There’s a saying in Illinois I learned when I was down in a lot of rural communities. They said, “Just weighing a pig doesn’t fatten it.” (Applause.) You can weigh it all the time, but it’s not making the hog fatter. So the point being, if we’re all we’re doing is testing and then teaching to the test, that doesn’t assure that we’re actually improving educational outcomes.

We do need to have accountability, however. We do need to measure progress with our kids. Maybe it’s just one standardized test, plus portfolios of work that kids are doing, plus observing the classroom. There can be a whole range of assessments, but we do have to have some kind of accountability, number one.
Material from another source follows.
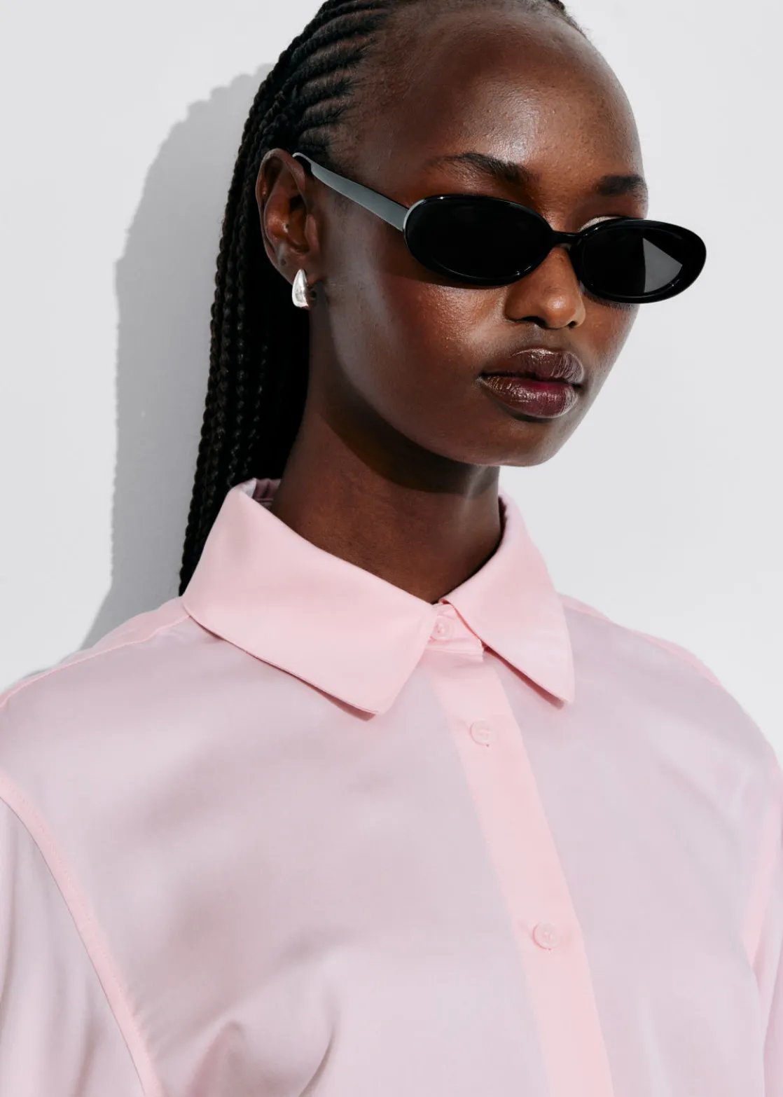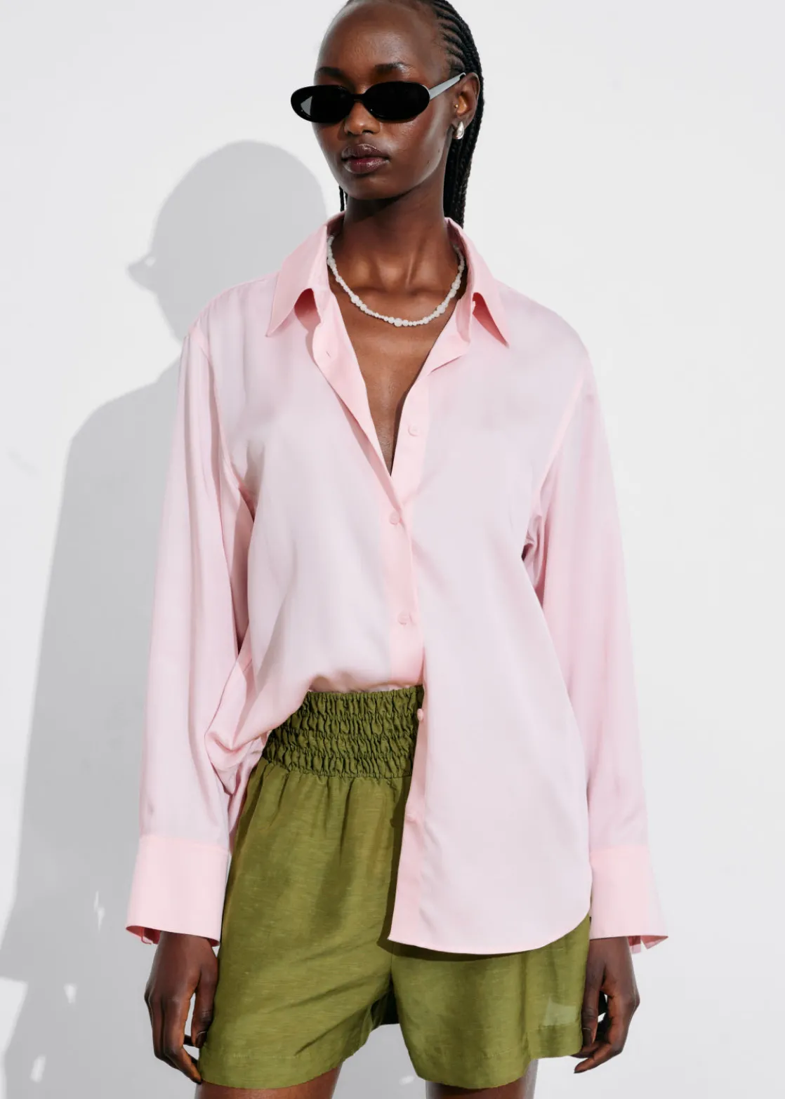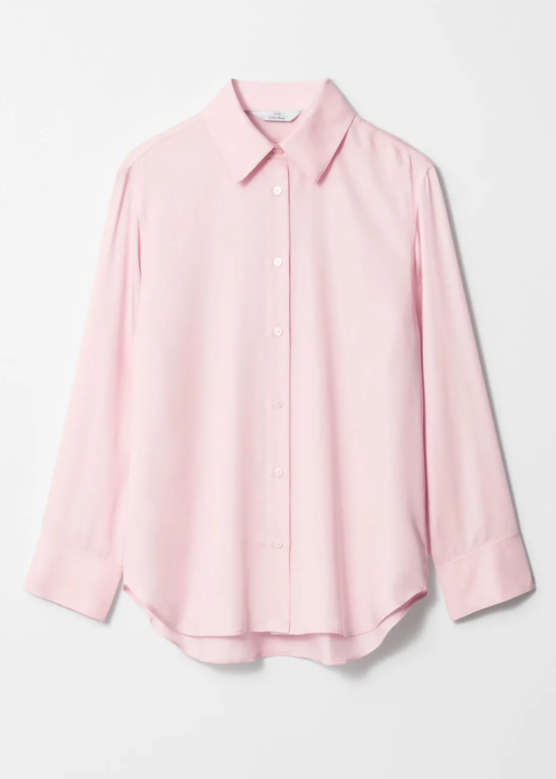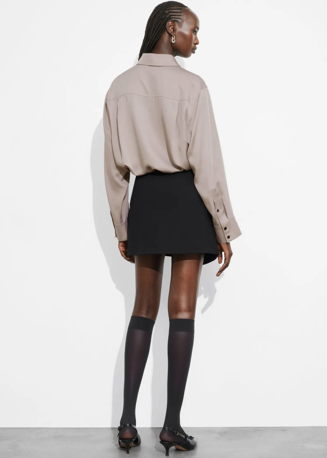 Satin shirt defined by a relaxed silhouette and a slighty longer back.

Number two, we do have to upgrade the professional development for our teachers. (Applause.) I mean, we still have a lot of teachers who are — we’ve got a lot of teachers who are well-meaning, but they’re teaching science and they didn’t major in science and they don’t necessarily know science that well. And they certainly don’t know how to make science interesting. So we’ve got to give them the chance to train and become better teachers. We’ve got to recruit more teachers, train them better, retain them better, match them up with master teachers who are doing excellent work so that they are upgrading their skills.

If after all that training, the teacher is still not very good, we’ve got to ask that teacher, probably, there are a lot of other professions out there; you should try one. (Applause.) I mean, I’m just being blunt, but we’re going to have to pick up the pace.

Now, the key point I want to make is this: We should focus on what works, based on good data. And Arne Duncan, my Secretary of Education, this guy is just obsessed with improving our education system. He is focused a hundred percent on it, and he is completely committed to teachers. We think that teachers are the most important ingredient in good schools. We’re going to do whatever works to help teachers do a better job — (applause) — we’re going to eliminate those thing that don’t help teachers do a good job. Some of it is going to require more money, so in our Recovery Act, we have more money for improving curriculums, teacher training, recruitment, a lot of these things. But you can’t just put more money without reform, and so some of it is demanding more accountability and more reform.

There’s one other ingredient, though, and that is parents. (Applause.) We’ve got to have parents putting more emphasis on education with our kids. That’s how we’re all going to be able to pick up our game. (Applause.)